I am struggling with trying to split my dataframe into 3 new dataframes where the split occurs when the supplier name changes. I have searched for existing questions. How to split dataframe on based on columns row and Pandas & python: split dataframe into many dataframes based on column value containing substring came close but I cannot get the output that I want.
Here is attached a toy dataset to illustrate my problem:
df = pd.DataFrame({'Supplier': ['Supplier1', 'Supplier1', 'Supplier2', 'Supplier2', 'Supplier2', 'Supplier3','Supplier3'], 'Class' : ['A', 'A','A','A','A','B','B']})
and I tried (unsuccessfully)
df1 = df.iloc[:df.index[df['Supplier'] == 'Supplier1'].tolist()[0]]
df2 = df.iloc[df.index[df['Supplier'] == 'Supplier2'].tolist()[0]+1:]
df3 = df.iloc[df.index[df['Supplier'] == 'Supplier3'].tolist()[0]+1:]
The result that I am trying to achieve is:
Supplier Class
0 Supplier1 A
1 Supplier1 A
Supplier Class
0 Supplier2 A
1 Supplier2 A
2 Supplier2 A
Supplier Class
0 Supplier3 B
1 Supplier3 B
Any help on this would be greatly appreciated.

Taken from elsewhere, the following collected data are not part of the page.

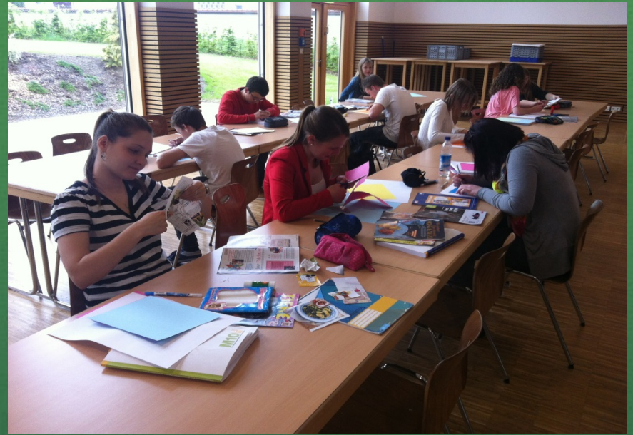
German students working on the family boxes
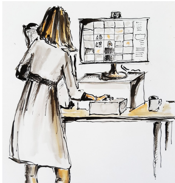
Figure 1 - "Lecturing to images from the kitchen table"

(Received 1 January 2022; revised version received 25 January 2022; final version accepted 21 March 2022)
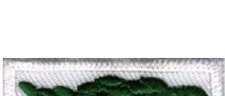
Scouter's Training Award
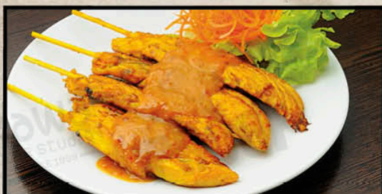
SATAY CHICKEN BREAST

Minced chicken, water chestnut & corn wrapped with spring roll pastry & deep fried served with sweet chilli sauce
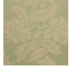
4237-06 VILLARCEAUX - AMANDE

Thank you!
UPDATE: Using:
df1 = {i:group for i,group in df.groupby( df['Supplier'].ne(df['Supplier'].shift()).cumsum() )}
gives:
{1: Supplier Class
0 Supplier1 A
1 Supplier1 A, 2: Supplier Class
2 Supplier2 A
3 Supplier2 A
4 Supplier2 A, 3: Supplier Class
5 Supplier3 B
6 Supplier3 B}
I need to split into separated dataframe so I did:
df3 = pd.DataFrame.from_dict({i:group for i,group in df1.groupby(df1['Supplier'].ne(df1['Supplier'].shift()).cumsum() )},orient='index', columns= ['Class'])
but it gives the error
df3 = pd.DataFrame.from_dict({i:group for i,group in df1.groupby(df1['Supplier'].ne(df1['Supplier'].shift()).cumsum() )},orient='index', columns= ['Class'])
AttributeError: 'dict' object has no attribute 'groupby'